Sometimes you encounter a file that you want to delete as read-only permission, and the immediate use of rm Delete displays a prompt, as follows:

If you want to ignore this hint and delete the file directly, you can use the -f parameter to force the deletion:

-f test
Delete Directory

As with the copy directory, to delete a directory, you also need to add -r or -R parameter:

$ rm -r family
4. Move file and file rename move file

Use mv the (move or rename files) command to move the file (cut). Move the file "File1" to the "Documents" directory mv 源目录文件 目的目录 :

$ mv file1 Documents

Renaming files

Rename the file "File1" to "MyFile" mv 旧的文件名 新的文件名 :

$ mv file1 myfile
Batch Rename

To achieve batch renaming, the MV command is a bit out of reach, and we can use a seemingly more professional command rename . However, it is to use Perl regular expressions as parameters, about the regular expression we will be introduced in the following, only to do the demonstration, you just remember this rename command can be batch rename, and then re-study will not have any problems, after all, you have mastered a more common mv command.

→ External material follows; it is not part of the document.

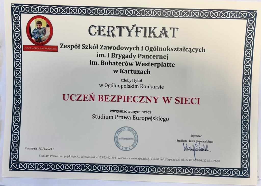 Wyżej wymienione inicjatywy i obszerna dokumentacja zostały ocenione przez jury konkursu maksymalną liczbą punktów. Efektem podjętych działań jest Certyfikat „Uczeń bezpieczny w sieci”, który przyznano naszej szkole 12 grudnia 2024 roku.

# 使用通配符批量创建 5 个文件$ touch file{1..5}.txt# 批量将这 5 个后缀为 .txt 的文本文件重命名为以 .c 为后缀的文件$ rename ‘s/\.txt/\.c/‘ *.txt# 批量将这 5 个文件,文件名改为大写$ rename ‘y/a-z/A-Z/‘ *.c

A simple explanation of the above command rename is to first use the wildcard character of the second argument to match all .txt the suffixes of the file, and then replace the suffix of the matching file with the regular expression provided by the first parameter, .txt .c after we learned the command behind us sed , I believe you will understand better.

5. View File Usage cat, tacAnd nlcommand to view files

Both commands are used to print the file contents to the standard output (terminal), which is cat a positive sequence display, in tac reverse order.

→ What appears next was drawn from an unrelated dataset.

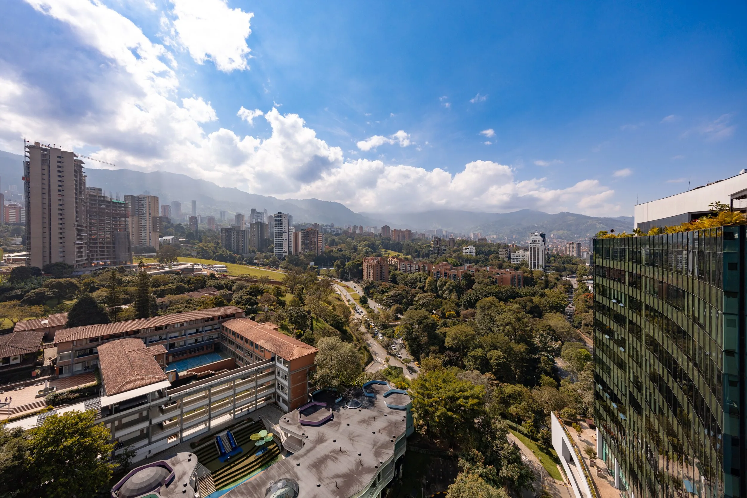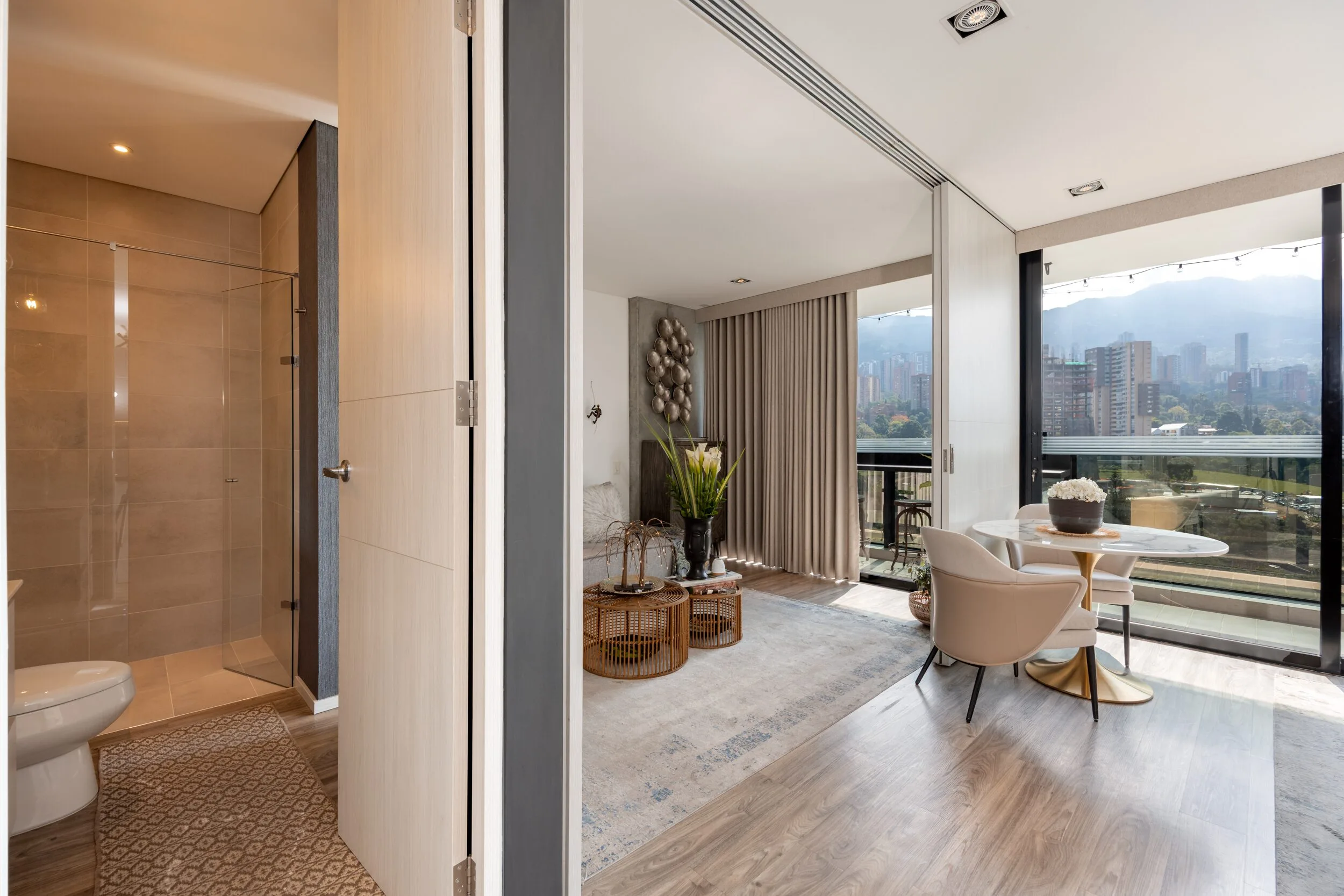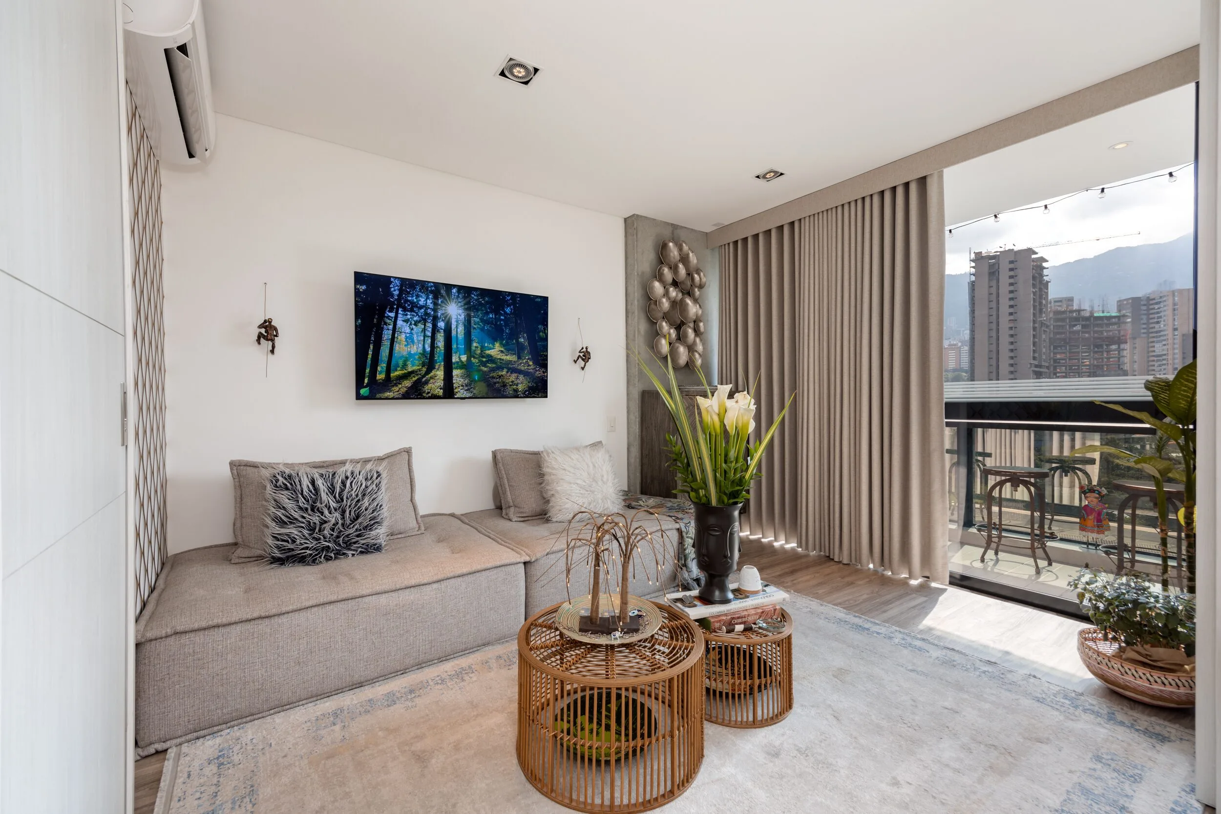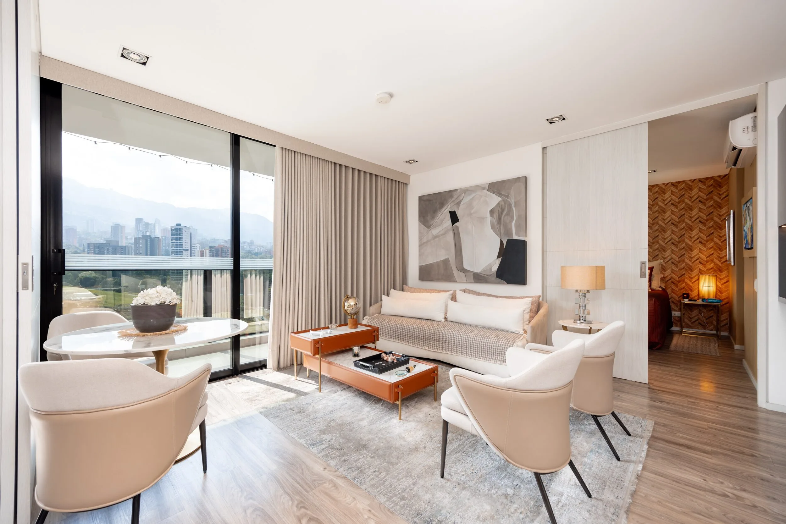 Square 1624 places you right in one of the most convenient corners of El Poblado. Located next to Santa Fe Mall, daily life becomes effortless with cafés, restaurants, shops and essentials just steps away. Inside the apartment, the design feels modern and practical, featuring air conditioning, a private balcony and a fully equipped space for long-term stays.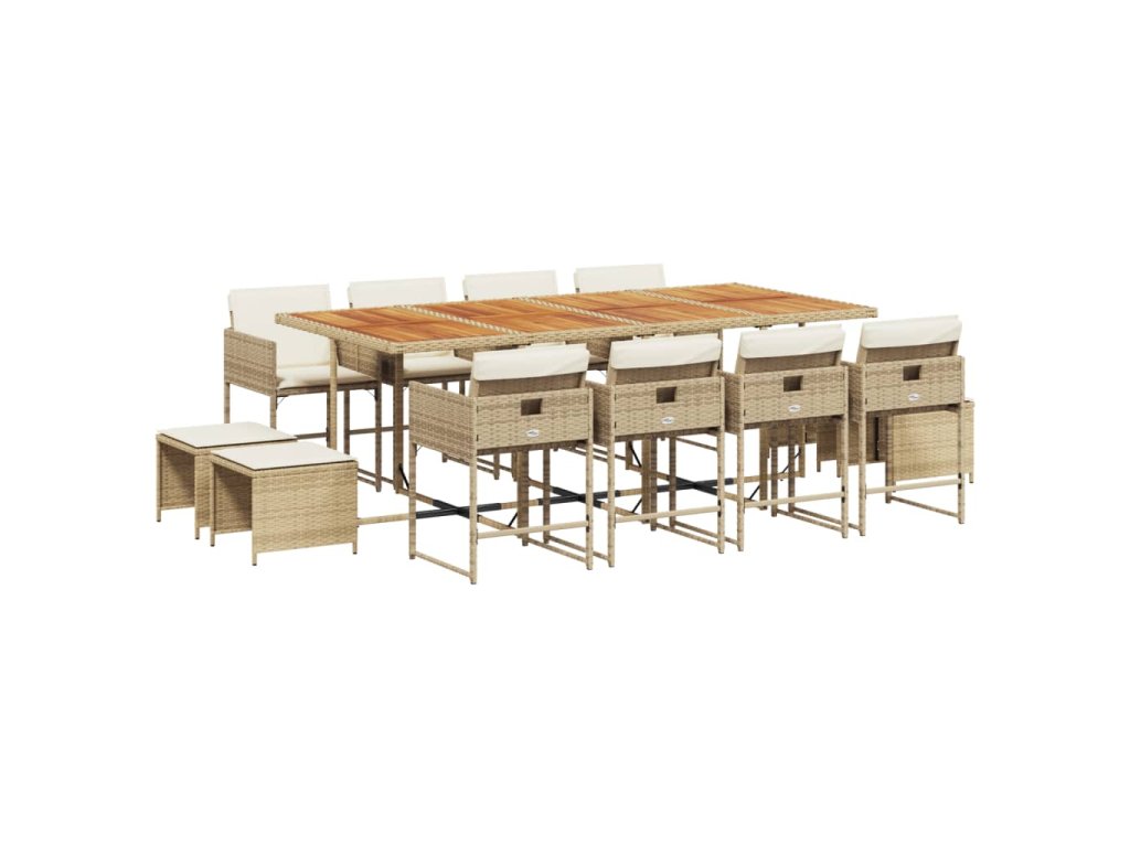 13dílný zahradní jídelní set s poduškami béžový polyratan 3211348

Standard input and output: when we execute a shell command line normally will automatically open three standard files, namely standard input file (stdin), default corresponding to the terminal's keyboard, standard output file (STDOUT) and standard error output file (stderr), All two files correspond to the screen being redirected to the terminal so that we can see the output directly. The process will get input data from the standard input file, output normal output data to the standard output file, and send the error message to the standard error file.

For example, we want to view the files that were copied from the "/etc" Directory passwd :

$ cat passwd

You can add -n parameters to display line numbers:

$ cat -n passwd

nlcommand, add line numbers and print, which is a cat -n more professional line number than the Print command.

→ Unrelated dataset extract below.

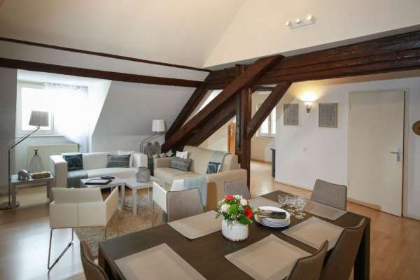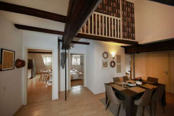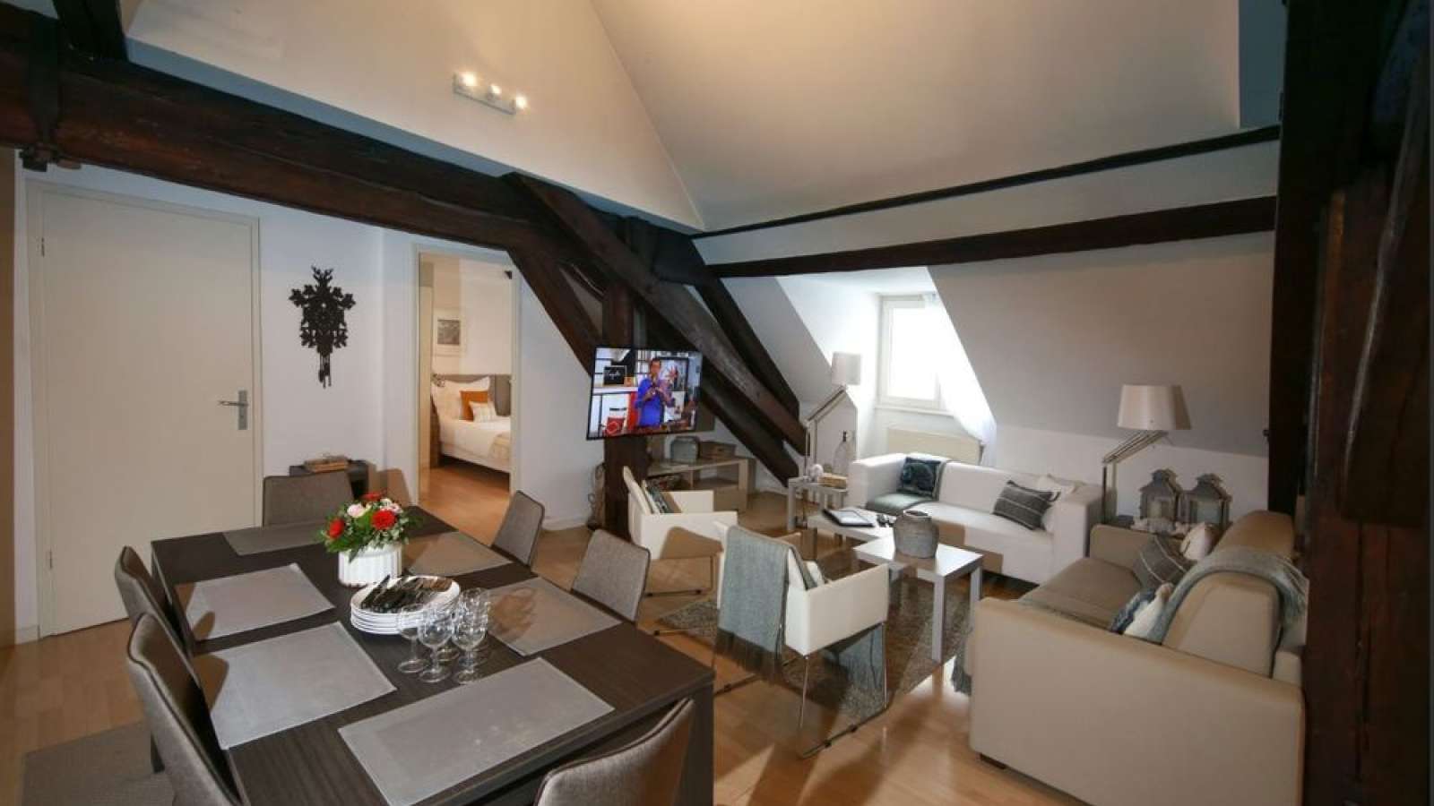 L'appartement Baumgartner avec sa décoration alsacienne moderne, ses poutres apparentes et ses grands espaces, sera le parfait appartement pour votre séjour en Alsace.
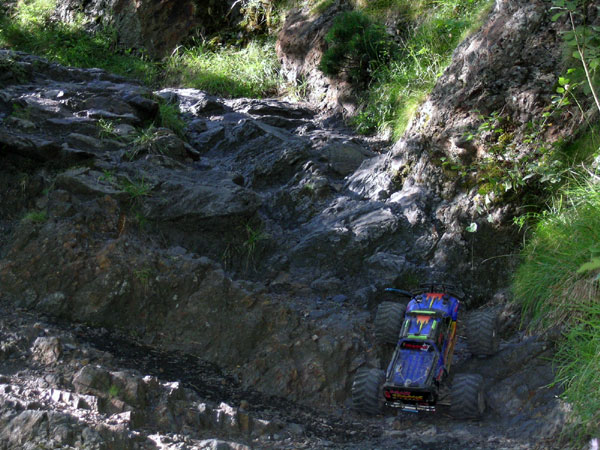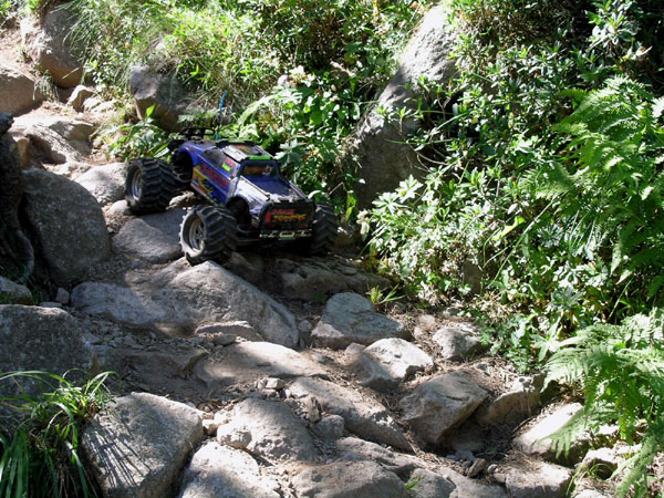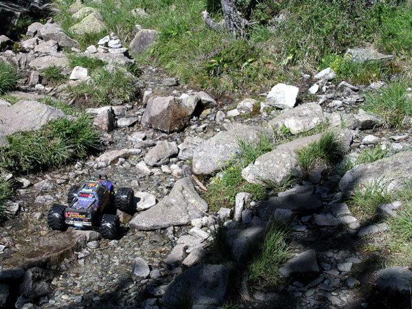 Es una subida es una subida !! Aunque para la ocasión el Emaxx esté cabeza abajo se supone que el camino es eso que se ve delante del Emaxx entre rocas y bloques bastante grandes de piedra . Aquí el camino es algo duro y puede llegar a ponerse pesado . Es necesario poner algo más de atención y pensar en el trazado correcto unos segundos antes de llegar a un obstáculo Aun no es necesario avanzar por turnos como en otras rutas , es mejor si hay tiempo que suba primero el piloto y luego que "tire" del coche hacia arriba. No hay que preocuparse tampoco en exceso por esas piedras grandes, a menudo son más inofensivos que los medianos ya que no caben entre las dos ruedas y con unas buenas baterías se suben a golpes de gas saltando de una a otra sin ningún cuidado, que este Emaxx ya está curado de espantos y yo curtido en estos pasos.

Here is a brief list of some of its commonly used parameters:

-b : 指定添加行号的方式,主要有两种:    -b a:表示无论是否为空行,同样列出行号("cat -n"就是这种方式)    -b t:只列出非空行的编号并列出(默认为这种方式)-n : 设置行号的样式,主要有三种:    -n ln:在行号字段最左端显示    -n rn:在行号字段最右边显示,且不加 0    -n rz:在行号字段最右边显示,且加 0-w : 行号字段占用的位数(默认为 6 位)

You will find the use of these commands, the default terminal window size, a screen display of the content of the text, you have to use the mouse to drag the scroll bar or slide the wheel to continue to page down, if you can directly use the keyboard to turn the page, then you can use the following command to introduce.

Use moreAnd lesscommand paging to view files

If the cat above is used to quickly view the contents of a file, then this more and less is meant to be used to "read" The contents of a file, such as "Man" inside the manual is used to display content. morethe commands are relatively simple and can only be scrolled in one direction, while "less" is more powerful than "more" and "VI" (a powerful editor, we have separate courses to let you learn). The use of less is basic and more consistent, specific use please check the Man manual, here only to describe the use of more commands.

To more open a file using a tool passwd :

$ more passwd

When turned on, only one screen is displayed by default, and the bottom of the terminal shows the current reading progress (percentage). You can use the key to scroll Enter down Space a line, scroll down one screen with the key, press h show Help, q exit.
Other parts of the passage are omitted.